Perfektes Werkzeug • Praxis-Ratgeber & Kaufberatung für Heimwerker & Handwerker

Laubbläser oder Laubsauger? Was passt zu Rasen, Beet und Kies?

Laubbläser oder Laubsauger – die Frage klingt zunächst einfach: Der eine pustet, der andere saugt. In der Praxis entscheidet aber vor allem die Fläche. Auf Rasen arbeite ich anders als unter einer Hecke, im Beet oder am Spritzschutzstreifen rund ums Haus.

Ich bin selbst mit einem Kombigerät gestartet. Mein WORX WG583E kann blasen, saugen und häckseln. Nach mehreren Einsätzen sehe ich die Entscheidung heute differenzierter: Mit der Blasfunktion bin ich zufrieden, beim Saugen muss ich dagegen deutlich näher an einzelne Blätter heran, als ich es beim Kauf erwartet hatte.
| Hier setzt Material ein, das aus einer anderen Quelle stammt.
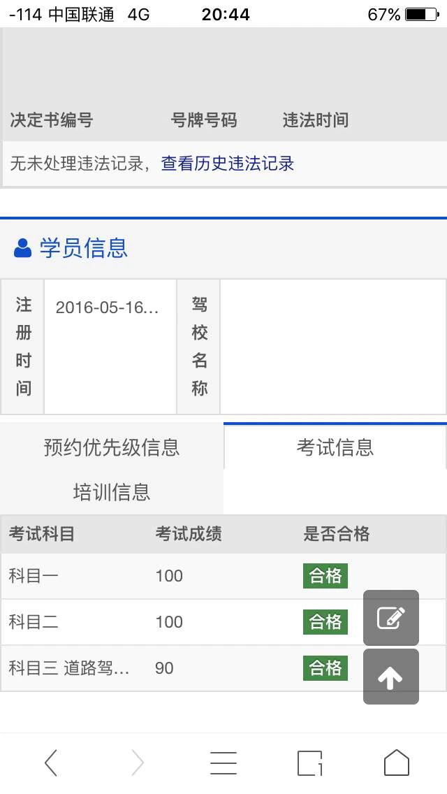 科目一和科目二都100过,科目三速度与档位不匹配扣10分。我运气还蛮好的,没有补考过

Transparenz: Den WORX nutze ich selbst. Andere Laubsauger und Laubbläser ordne ich hier nicht als eigene Tests ein. Allgemeine Sicherheits- und Funktionshinweise stütze ich auf Fachquellen; konkrete Modellvergleiche folgen separat.

TL;DR: Laubbläser oder Laubsauger?

Schnellentscheidung

Welche Geräteart passt zu deinem Garten?

Ordne zuerst deinen häufigsten Arbeitsablauf ein. Nicht die höchste Voltzahl entscheidet, sondern ob du Laub vor allem bewegen, direkt aufnehmen oder beides regelmäßig tun willst.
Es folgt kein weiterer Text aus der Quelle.